First, under “Objective 2.1: Identify, investigate, and take actions against anticompetitive mergers and business practices,” the FTC opines that “[a]nticompetitive mergers and business practices harm Americans through higher prices, lower wages, or reduced quality, choice, and innovation. Enforcement of antitrust laws provides substantial benefits to the public by helping to ensure that markets are open and competitive.” It then identifies certain “[s]trategies” that the FTC intends to pursue over the next five years, including “[i]ncreas[ing] use of provisions to improve worker mobility including restricting the use of non-compete provisions.” It’s unclear exactly what provisions it intends to increase its use of, but nonetheless the FTC will be focused on the issue.
Later, under “Objective 2.2: Engage in research, advocacy, and outreach to promote public awareness and understanding of fair competition and its benefits,” the FTC identifies, as another strategy it intends to pursue, “[f]ocus[ing] on workers: Study and investigate the impact on worker wages and benefits from merger and nonmerger conduct, as well as non-compete and other potentially unfair contractual terms resulting from power asymmetries between workers and employers.” The FTC has been “studying” this issue for several years now, having held a few public workshops, but apparently it intends to continue its study of the issue.
There is frankly not much new in these statements, and what is most interesting (although not necessarily most telling) may be that these “strategies” are watered down substantially from FTC Chairwoman Lina Kahn’s stated desire to use the FTC’s rulemaking authority to prohibit noncompetes (albeit more in line with President Biden’s July 9, 2021 Executive Order in which he “encourage[d]” the FTC to “consider” exercising its statutory rulemaking authority “to curtail the unfair use of non-compete clauses and other clauses or agreements that may unfairly limit worker mobility”).
As we have previously written in Law360, it is questionable whether the FTC even has the authority to regulate, much less prohibit, noncompetes, particularly following the Supreme Court’s decision in West Virginia v.
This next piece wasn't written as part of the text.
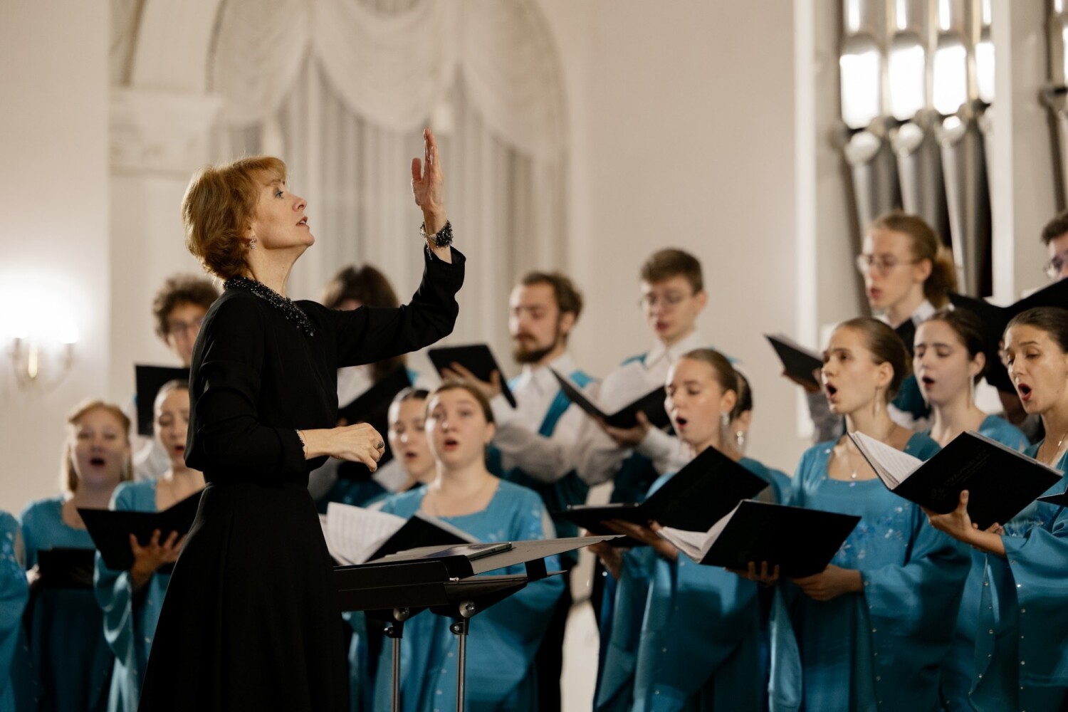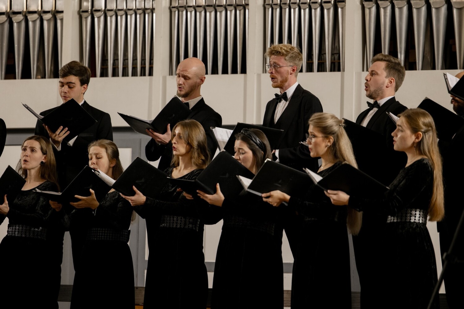 Невероятной красоты свиридовские гармонии в объёмной хоровой фактуре заполнили зал: было исполнено сочинение Георгия Васильевича «Величание Богородицы». Сложная музыка Альфреда Шнитке продолжила программу: прозвучали Два хора из цикла «Стихи покаянные» (№4 «Душе моя», №10 «Придете, христоносеннии людие»). Здесь духовный смысл накладывался на диссонантную вертикаль и острые хроматизмы, исполненные «Altro coro» с ювелирной точностью, что не могло не вызвать в сердцах слушателей восхищение пред гениальностью композитора и возможностями хора.

Environmental Protection Agency, in which the Court further elucidated on the “Major Questions Doctrine.” Nevertheless, despite that decision, and despite the FTC’s seemingly watered-down approach to noncompetes in its 5-year Strategic Plan, it would not come as a surprise if the FTC issued proposed rules limiting, if not outright prohibiting, noncompete agreements nationwide. Indeed, as we previously reported in July, the FTC entered into a Memorandum of Understanding with the National Labor Relations Board (NLRB) announcing their “continued and enhanced coordination and cooperation concerning issues of common regulatory interest,” which they suggest “will help to protect workers against unfair methods of competition, unfair or deceptive acts or practices, and unfair labor practices.” The FTC and NLRB expressly identified as an “[i]ssue[] of common regulatory interest . . . the imposition of one-sided and restrictive contract provisions, such as noncompete and nondisclosure provisions.”
We will continue to monitor the FTC’s comments and actions regarding noncompetes and report back with any material updates.